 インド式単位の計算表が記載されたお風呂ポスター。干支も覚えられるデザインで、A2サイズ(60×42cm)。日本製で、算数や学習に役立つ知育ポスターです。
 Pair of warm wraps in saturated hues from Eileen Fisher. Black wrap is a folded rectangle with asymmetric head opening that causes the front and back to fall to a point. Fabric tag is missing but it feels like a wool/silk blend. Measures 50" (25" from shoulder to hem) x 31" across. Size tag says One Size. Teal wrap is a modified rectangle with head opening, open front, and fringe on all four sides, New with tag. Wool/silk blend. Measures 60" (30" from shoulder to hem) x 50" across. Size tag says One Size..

==

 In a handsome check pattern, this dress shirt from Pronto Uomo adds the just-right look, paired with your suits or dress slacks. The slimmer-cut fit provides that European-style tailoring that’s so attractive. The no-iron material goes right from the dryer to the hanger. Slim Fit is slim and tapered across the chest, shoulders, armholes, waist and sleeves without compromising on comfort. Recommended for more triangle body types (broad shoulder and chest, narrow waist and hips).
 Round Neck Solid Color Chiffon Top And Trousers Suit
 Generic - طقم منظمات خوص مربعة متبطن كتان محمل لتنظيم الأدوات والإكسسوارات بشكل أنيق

» **YOUR GOAL**: Among the records above, a stretch begins at the line containing "インド式単位の計算表が記載さ" and ends at the line containing "Pair of warm". Restate that stretch word for word, and nothing else.

» **TASK RESPONSE**:
 インド式単位の計算表が記載されたお風呂ポスター。干支も覚えられるデザインで、A2サイズ(60×42cm)。日本製で、算数や学習に役立つ知育ポスターです。
 Pair of warm wraps in saturated hues from Eileen Fisher. Black wrap is a folded rectangle with asymmetric head opening that causes the front and back to fall to a point. Fabric tag is missing but it feels like a wool/silk blend. Measures 50" (25" from shoulder to hem) x 31" across. Size tag says One Size. Teal wrap is a modified rectangle with head opening, open front, and fringe on all four sides, New with tag. Wool/silk blend. Measures 60" (30" from shoulder to hem) x 50" across. Size tag says One Size..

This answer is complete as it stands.